> _Activity_:
Beginning with the top line of the listing below, give again every line up to and including the line with "サラダとパスタのランチは、山"; pictures do not belong in the copy.

> _Information shown_:

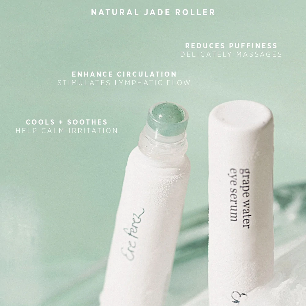 Ez a frissítő szem környéki szérum a finom szem alatti területre összpontosít, feszesebbé, simábbá és éberebbé varázsolva azt. A kollagéntermelést támogató és a finom ráncokat csökkentő peptideknek köszönhetően ez a könnyű szérum segít revitalizálni a fáradt szemeket. A szőlővíz, a hialuronsav és az édesgyökér hidratáló keveréke együttesen teltebbé teszi, nyugtatja és javítja a bőr rugalmasságát. A jáde kő jótékony hatásait kihasználva a roll-on golyó azonnal csökkenti a puffadtságot, fokozza a vérkeringést, valamint javítja a termék felszívódását.
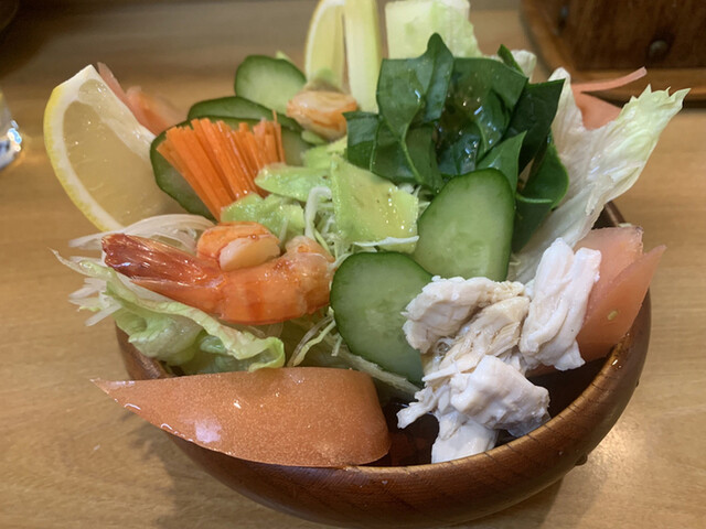サラダとパスタのランチは、山盛りサラダが最高!よくある葉っぱのサラダではなく、焼き野菜やピクルスが葉っぱの下に隠れていて、上にはポ...
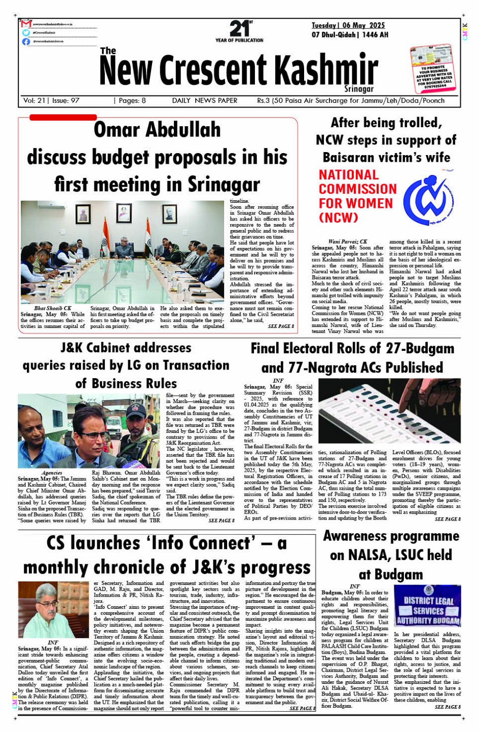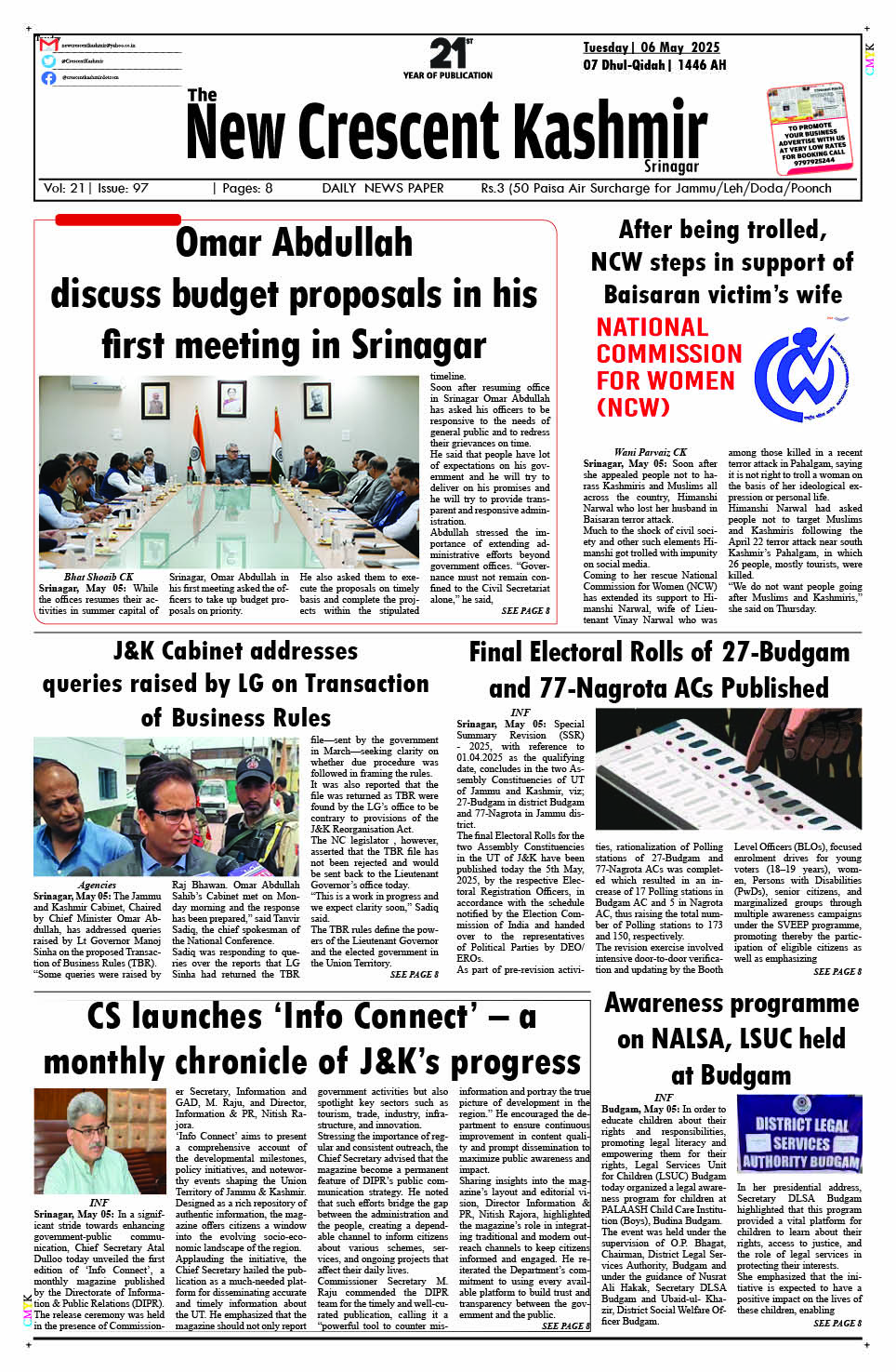 Crescent Kashmir 06-05-2025 May 06, 2025 << First << 1 >> Last >> Page 1Page 2Page 3Page 4Page 5Page 6Page 7Page 8 × Crescent Kashmir 06-05-2025 << First << 1 >> Last >> CK 1CK 2CK 3CK 4CK 5CK 6CK 7CK 8 CK 1

> _Exercise result_:
 Ez a frissítő szem környéki szérum a finom szem alatti területre összpontosít, feszesebbé, simábbá és éberebbé varázsolva azt. A kollagéntermelést támogató és a finom ráncokat csökkentő peptideknek köszönhetően ez a könnyű szérum segít revitalizálni a fáradt szemeket. A szőlővíz, a hialuronsav és az édesgyökér hidratáló keveréke együttesen teltebbé teszi, nyugtatja és javítja a bőr rugalmasságát. A jáde kő jótékony hatásait kihasználva a roll-on golyó azonnal csökkenti a puffadtságot, fokozza a vérkeringést, valamint javítja a termék felszívódását.
サラダとパスタのランチは、山盛りサラダが最高!よくある葉っぱのサラダではなく、焼き野菜やピクルスが葉っぱの下に隠れていて、上にはポ...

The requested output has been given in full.